Back when I first moved to Atlanta from Alabama, I had been visiting my mother every other weekend or so. At the time, that was approximately ten hours of driving round trip. I don’t mind driving, because that’s time I can listen to podcasts or catch up on audiobooks. That kept up for a while, but these days, I’m “so busy,” I don’t get down to visit her but every six weeks or so. So instead of turning anything into a game, what it comes down to is scheduling mom-time first, even if it conflicts with other things, and my friends will understand. :) I don’t have to be at every critique session or whatever. My mother is reading this, and I’m sure she’s in total agreement.

As far as the social bucket goes, most of that is just a matter of learning when to say “no” to things. I almost always say ‘yes’ to events on the weekends, because I like doing stuff with people. But when it gets to be every single weekend, it makes it hard to find time to do things like visit my mother. Or just to have a breather.

Just in March, 2014, the first weekend was free, but only because something else fell through. The second weekend had an all-day gaming session on Saturday and a critique session on Sunday. The third weekend has three social events, two of which conflict, so I had to choose between them. The fourth weekend is free, and finally, the last weekend of the month has a critique session for which I’m potentially submitting something (Deadline!). So that third weekend will be when I go down to visit my mother.

My “Social” bucket contains such things as spending time with friends, watching TV, YouTube, podcasts, Facebook, Twitter, and such. The TV watching happens mostly on week nights after dinner. We’ll watch an episode each of Buffy and Angel, or two Jonathan Creeks or a Doctor Who or two (we’re deep into David Tennant’s second season, at the moment, with Martha as the companion, in case you care). That can easily be put off until after I’ve written for the day.

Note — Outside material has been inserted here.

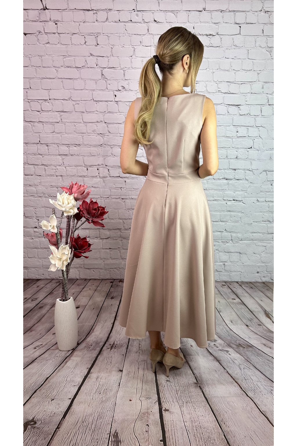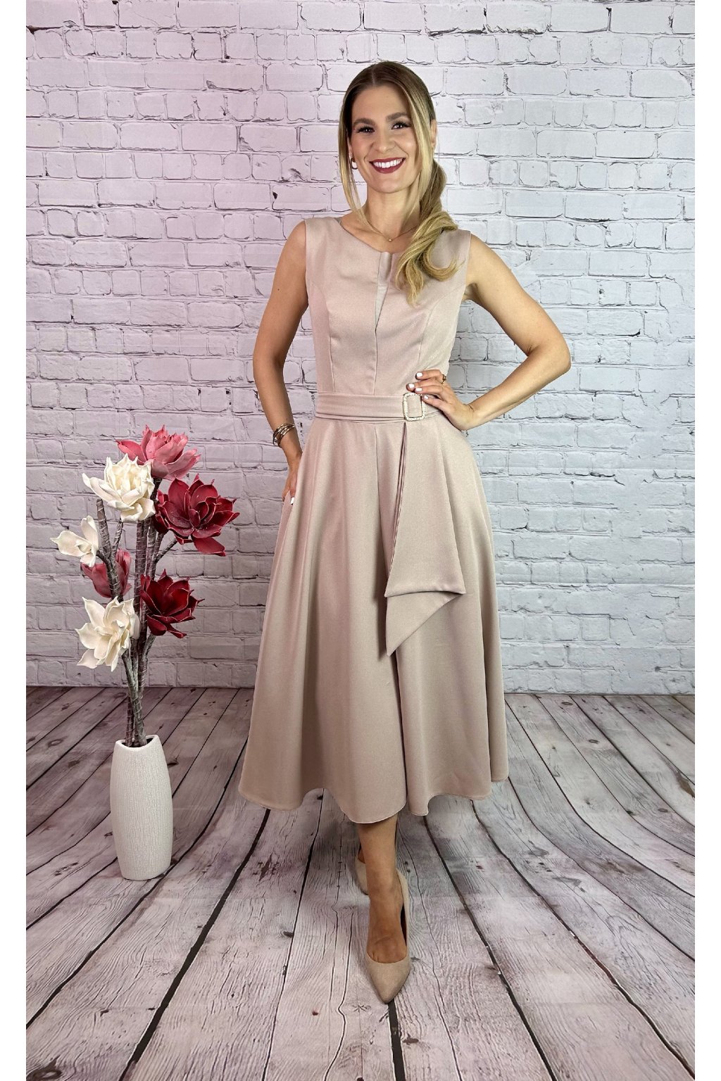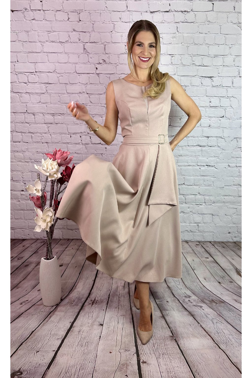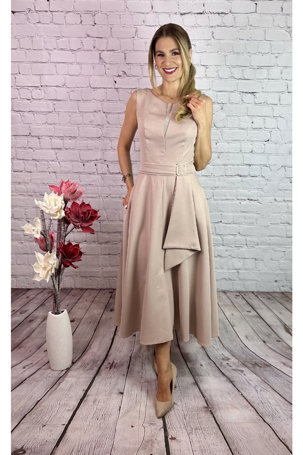 Béžovy kostým. Šaty v MIDI dĺžke v vreckami po bokoch a  ozdobnou perličkovou sponou. Kabátik je v štýle bolerka. Materiál nie je elastický, s jemnými trblietavými odleskmi.

Facebook doesn’t really take that much time. I spend more time on it than I should between stuff at work, but it falls away during the evening. Twitter I mostly use for those times when I’m waiting somewhere and I need something to entertain me for twenty minutes on my phone. Podcasts I do while I’m doing other things.

YouTube, though. That’s the biggest time-suck. I’m subscribed to 332 channels on YouTube. Now, in my defense, not all of them are active channels. And I only get notifications in email if new content is posted on 124 of those. And of those 124, most of them are short subjects, like science updates or song covers.1

But it does underscore a problem. I spend far too much time watching other people living their lives and less time living my own. So my first order of business is culling the 332 down to maybe just the active ones that I care enough about to be alerted when they update. And then we’ll work on figuring out which of those 124 can go.2

I mean, they could all go. It’s not like I absolutely must watch the videos. But I do enjoy them, and it is my main form of entertainment, so cold turkey doesn’t make sense. Maybe I could use the Social bucket as rewards for success of the other buckets?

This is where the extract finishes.